Python's splitlines does more than just newlines

yossarian.net

113 points by Bogdanp 4 days ago


dleeftink - 4 days ago

For more controlled splitting, I really like Unicode named characters classes[0] for more precise splitting and matching tasks.

[0]: https://en.wikipedia.org/wiki/Unicode_character_property#Gen...

mixmastamyk - 4 days ago

Splitlines is generally not needed. for line in file: is more idiomatic.

cuckoos-jicamas - 4 days ago

str.split() function does the same:

>>> s = "line1\nline2\rline3\r\nline4\vline5\x1dhello"

>>> s.split() ['line1', 'line2', 'line3', 'line4', 'line5', 'hello']

>>> s.splitlines() ['line1', 'line2', 'line3', 'line4', 'line5', 'hello']

But split() has sep argument to define delimiter according which to split the string.. In which case it provides what you expected to happen:

>>> s.split('\n') ['line1', 'line2\rline3\r', 'line4\x0bline5\x1dhello']

In general you want this:

>>> linesep_splitter = re.compile(r'\n|\r\n?')

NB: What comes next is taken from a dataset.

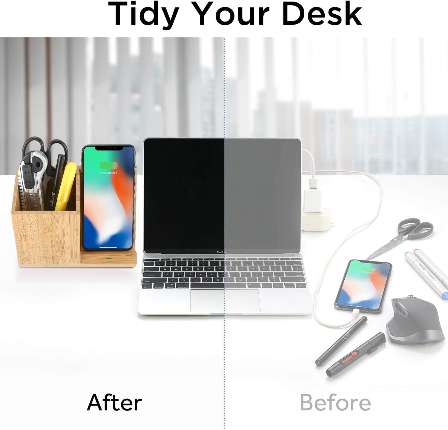 Clutter-free : No need to plug in your phone. Simply place your Qi-compatible device on it and let charging begain ,Organize small items such as pen, ruler, scissors on your desktop and avoid messes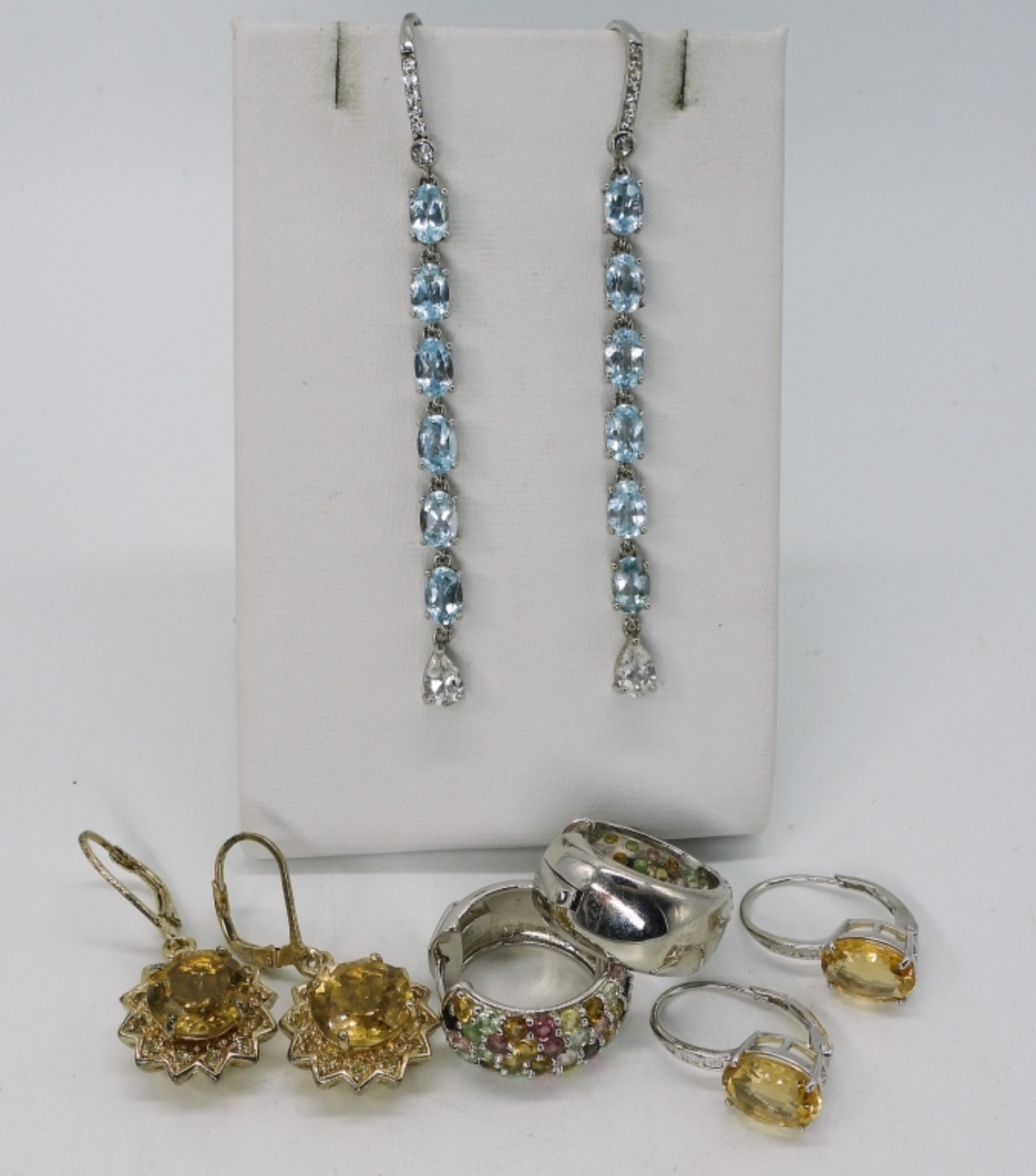 Four pair of sterling earrings, pierced. Blue topaz, citrine and more. (18.2 dwt)

>>> linesep_splitter.split(s) ['line1', 'line2', 'line3', 'line4\x0bline5\x1dhello']

RainyDayTmrw - 2 days ago

Is there a parser ambiguity/confusion vector here?

meken - 4 days ago

TIL: Python has a splitlines function

zb3 - 3 days ago

Useful to know for security purposes, surprises like that might cause vulnerabilities..

wvbdmp - 4 days ago

What, no <br\s*\/?>?

- 3 days ago
[deleted]
zzzeek - 4 days ago

in the same theme, NTLAIL strip(), rstrip(), lstrip() can strip other kinds of characters besides whitespace.

7bit - 4 days ago

This article provides no additional value to the splitlines() docs.